Все в ней было мне неприятно, все раздражало: ее манера говорить без всякого выражения, маленькое личико, неестественно белые волосы, голубые глаза. И то, что ее тело терялось в бесформенном пальто. Ее груди. Ее ноги. Все. Почему нам нравится какой-то человек? Что вызывает к нему симпатию? При взгляде на эту женщину меня охватила такая тоска по Сибилле, что мне стало плохо.

Между тем она вяло спросила:

- Сибилла Лоредо? Кто это?

- Одна знакомая. - Ее совершенно не касалось, кем для меня была Сибилла Лоредо.

Я продолжил:

- Откуда вы знаете господина Тренти?

Она стиснула зубы и покачала головой.

- Не хотите говорить?

- Вы били меня.

- Мне очень жаль.

- Меня еще никто никогда не бил.

- Я принял вас за мужчину, - сказал я, а про себя подумал: "Даже если бы я знал, что ты женщина, я точно так же избил бы тебя!"

Вслух я спросил:

- Как вас зовут?

- Петра Венд.

- Петра Венд? Ваше имя…

- Наверное, оно вам знакомо.

- Кажется, да. Но откуда?

- Вы часто бываете в кино?

- Да.

- Мое имя стоит в титрах многих фильмов. Я консультант по костюмам. У меня в Вене салон моды.

- Почему вы убежали, когда увидели мертвого? Почему не вызвали полицию?

- Я не хотела влипать в историю. Я испугалась.

- Чего?

- Сама не знаю. Вы что, никогда не испытываете страха?

- Почему же, - сказал я, - постоянно испытываю.

Я шагнул через мертвого к столу, на котором стоял телефон. Возле аппарата лежал телефонный справочник.

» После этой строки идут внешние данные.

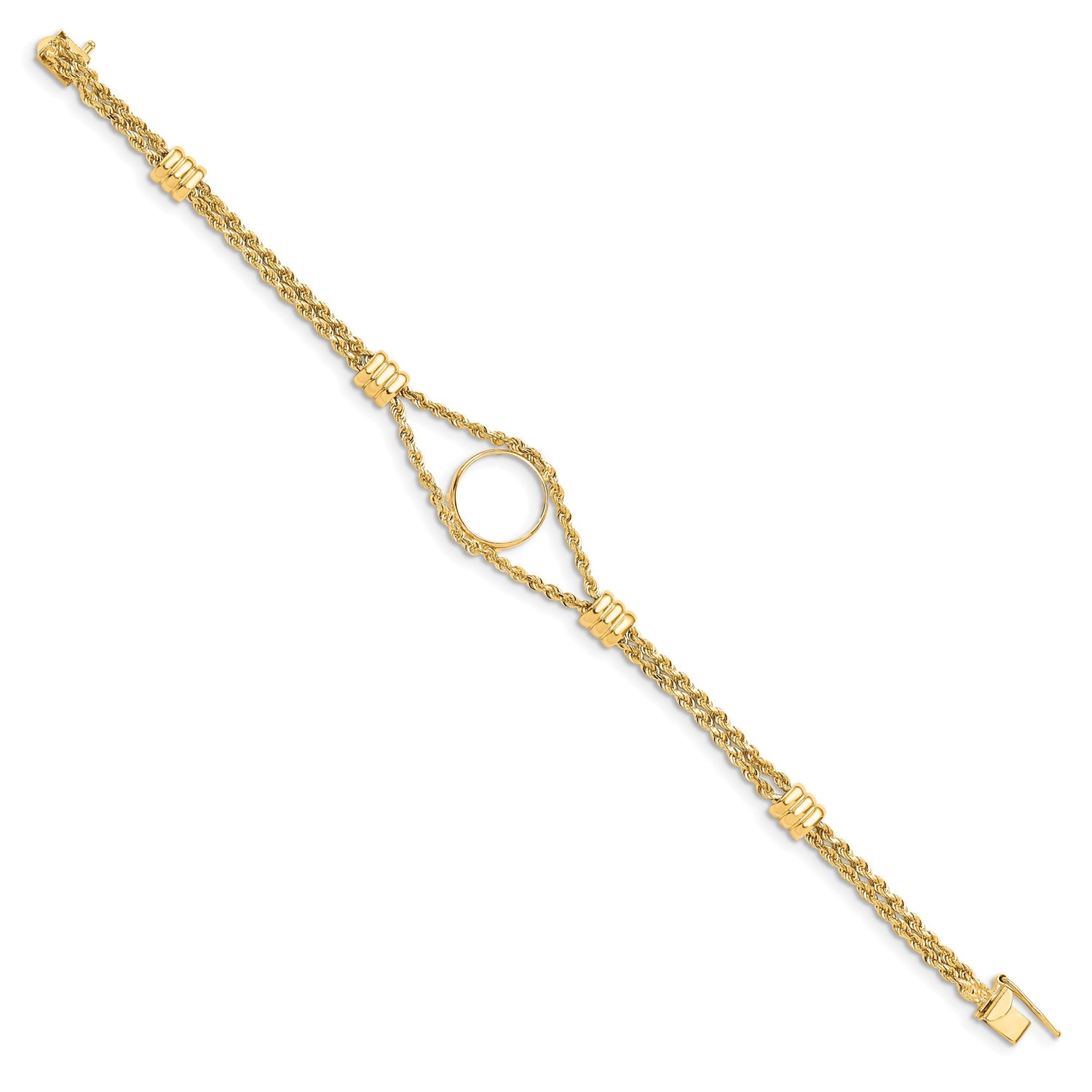 US Gold Dollar Type 1 Indian Princess Small Head $1 Coin Bezel Bracelet Prong Set 4 Station Double Rope Coin Bezel Bracelet in 14k Yellow Gold
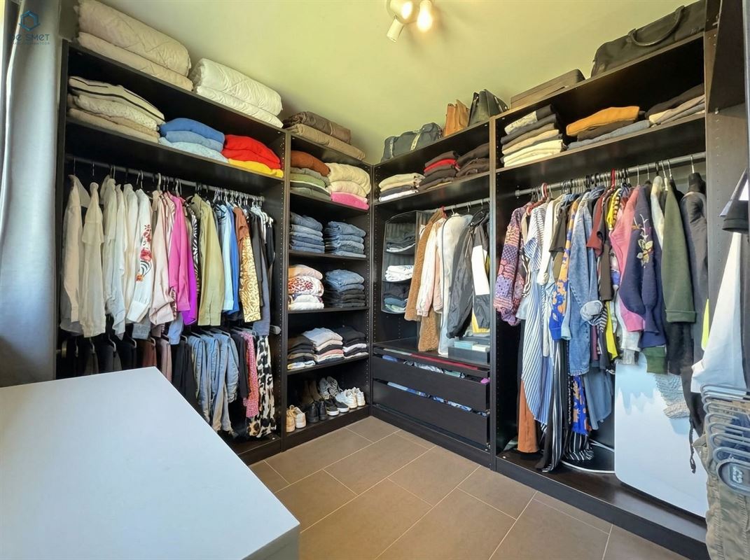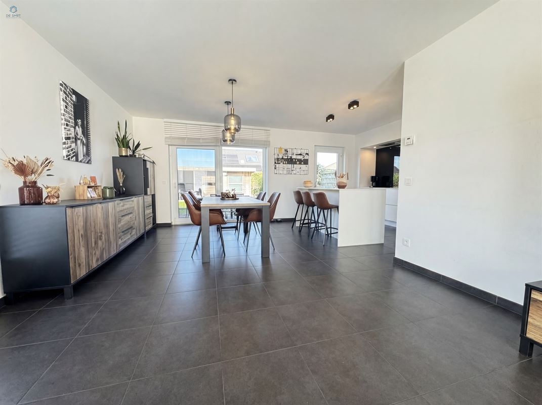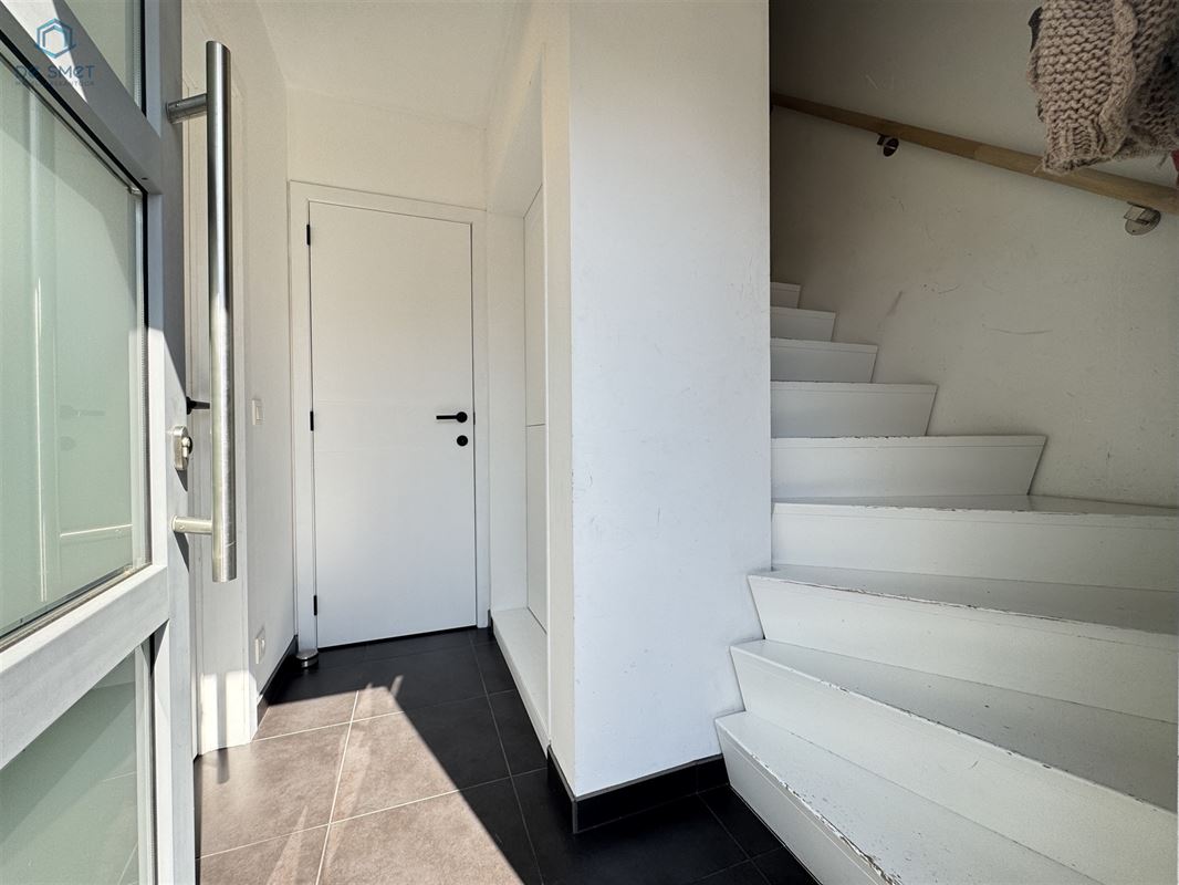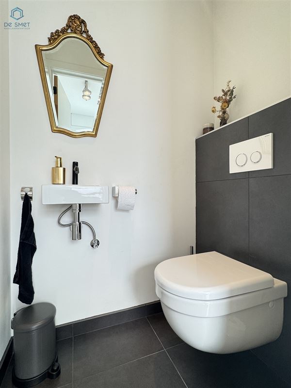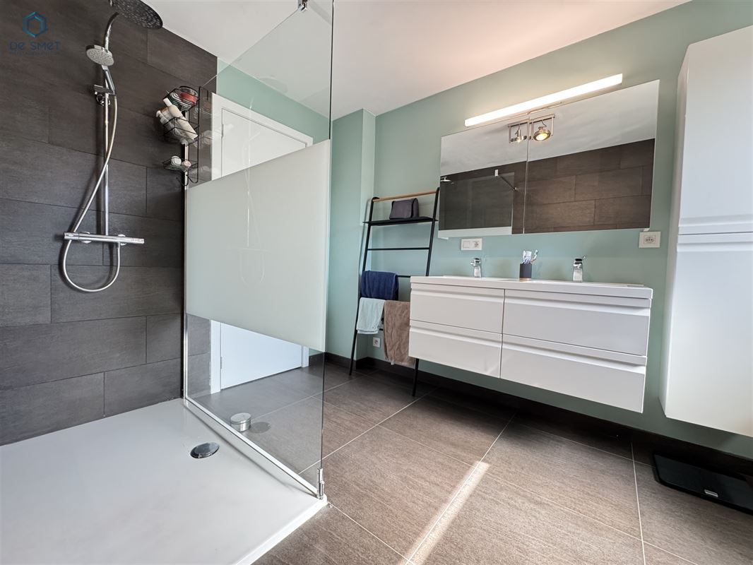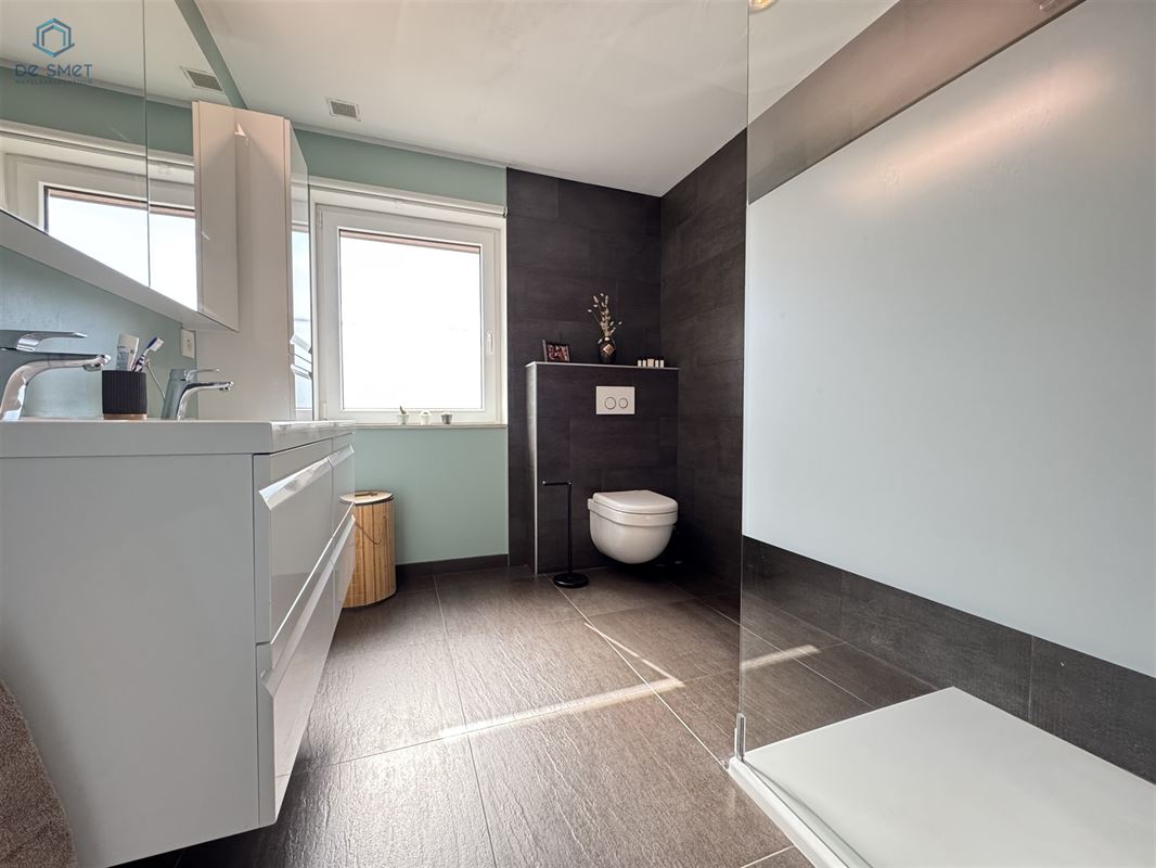 Op de eerste verdieping: nachthal met bureauruimte (mogelijk om te vormen tot 4de slaapkamer), twee ruime slaapkamers (waarvan één met dressing) en een moderne badkamer met dubbele lavabo, toilet en inloopdouche.

- Что вы собираетесь делать?

- Звонить в полицию.

Я нашел нужный мне номер и набрал. Низкий мужской голос ответил:

- Полицейское управление Зальцбурга.

- Говорит Пауль Голланд. Пришлите, пожалуйста, ваших сотрудников на Акациеналле, три. Здесь застрелили человека.

- Вы что, выпили?

- Нет.

- Тогда лучше оставьте эти глупые шутки!

- Послушайте, здесь действительно застрелили человека!

Голос стал живее:

- Адрес!

Я повторил адрес.

- Хорошо, сейчас будем!

Я положил трубку. Похоже, они не привыкли, чтобы в Зальцбурге среди зимы убивали человека. Это было не по сезону.

5

Они приехали с синими мигалками и сиреной. Шесть человек привезли с собой камеры и лампы, графитовый порошок и знаменитые большие серые конверты и приступили к работе, как в любом другом городе мира. Они сфотографировали Эмилио Тренти, сфотографировали комнату, и Петру Венд, и меня. Полицейский врач обследовал мертвого и установил, что тот действительно мертв. "Около полутора часов".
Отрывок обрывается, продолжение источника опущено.